A fortnight goes by and the interview looms, “I was pleased that everyone could see a difference but I still wasn’t confident enough to say ‘oh well I’ve got it, that’s fine’. I walked into the office and I was shaking. Desperate to hear some good news but having the negativity in the back of my mind. Michael said, ‘we’d like to offer you 3rd year’ and I think I jumped on him and kissed him; you know, to have a second chance was just the best thing.”
Now in her 3rd year, Ellie has a new teacher, Linda Moran, “I think it’s great to have a brand new teacher because I feel like it’s a blank page and I can really start again and she’s wonderful. She’s such an intelligent teacher and I’m learning so much from her already. There is so much information that I want to take from her and it’s almost overwhelming, this knowledge that you need to put into your body.

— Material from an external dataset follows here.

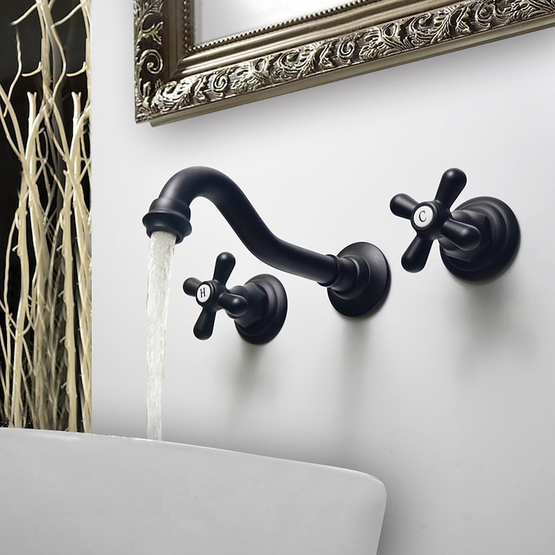 Style: Traditional / Vintage, Features: Widespread, Faucet Type: Bathroom Sink Faucet, Installation Type: Wall Mounted, Number Of Handles: Two Handles, Cold and Hot Switch: Yes, Valve Type: Ceramic Valve, Finish: Oil-rubbed Bronze, Special selected products: Clearance, Installation Holes and Handles: Two Handles Three Holes,

And obviously auditions are coming up.”
Indeed. The thinking dancer emerges when I ask Ellie where she would like to dance, and given her love of story ballets she doesn’t hesitate to say Northern Ballet. She would also love to dance Balanchine; she is a tall dancer and feels the style would suit her.
Ellie loves artistry over extreme, “ballet at the moment has got a bit, I’d say, physical. You know what I mean ? It’s got very contorted. A lot of choreographers are thinking outside of the box and are willing to push everything to extremes and make people go ‘wow’. We’re actually losing the real technique, but not just the technique. You look at Margot Fonteyn and how she could convey the story and her chemistry. Altynai Asylmuratova is literally my inspiration as a dancer. She’s just – you watch her and you believe her. You’re not even thinking about the steps. She’s an actress in her own right, and that’s what I would like to be seen as, one day. A person who moves people when I dance as well, rather than someone just making them say ‘wow’, because as much as someone can kick their leg above their head, if they kept doing it you’d get bored of it.”
Ellie will shortly be auditioning, and with the school Christmas performances coming up, it’s a very busy time.
I will be bringing you the next instalment in Ellie’s story very soon.